Familial paraganglioma syndrome may be an association with carotid
body and extra-adrenal paraganglioma.
37. INVESTIGATIONS
• VMA excretion in urine in 24 hours will be >7 mg/24 hr in
pheochromocytoma.
• Ultrasound abdomen, IVU, CT scan.
• MRI is preferred to CT as contrast used for CT scan can precipitate paroxysms.
• Measurement of plasma-free metanephrines is the recommended test of
choice for excluding or confirming diagnosis of phaeochromocytoma.
• Urinary nor metadrenaline or other catecholamines estimation.
• Iodine labelled metaiodo-benzylguanidine (I, MIBG). MIBG is useful to find out
extra-adrenal involvement.
• Measurement of plasma free metanephrine and normetanephrine has the
highest sensitivity and specificity and appears to be the best initial test for
screening patients with pheochromocytoma.
38. TREATMENT
ADRENALECTOMY
Before surgery, BP is controlled initially by α-blocking agent,
phenoxybenzamine or doxazosin; then by β-blocking agent propranolol.

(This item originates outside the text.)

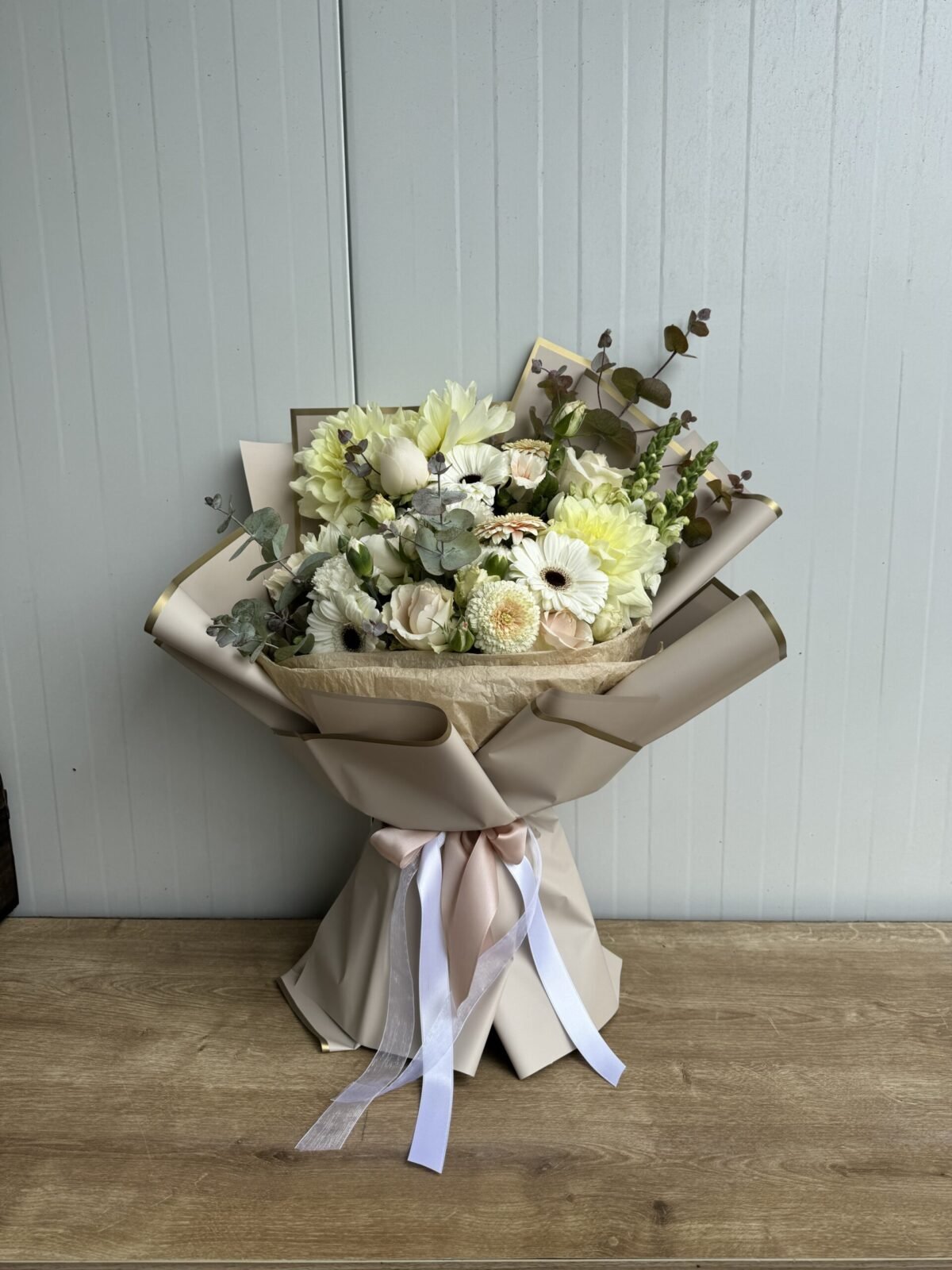 זר פרחי העונה בגווני לבן- עטיפה יוקרתית

Then during surgery, sodium nitroprusside IV infusion is used.
• Adequate fluid therapy to have volume expansion is essential.
• Intraoperative hypovolemia and postoperative hypotension should be
controlled.
• Handling of adrenal tumour on table must be careful and gentle.
• Adrenal vein should be ligated first.
• CVP, arterial lines should be present for monitoring.
• Rupture and spillage of tumour should be prevented.
39. MALIGNANT PHEOCHROMOCYTOMA
• It is 10% common.
• It is more common in extra-adrenal site.
• It commonly spreads to lymph nodes, bone and liver.
• Adrenalectomy in early tumour and debulking in advanced cases with
α-blockers, mitotane and I131 MIBG therapy and combination
chemotherapy are the therapeutic choices.
• Overall prognosis is not good with 5-year survival being <50%.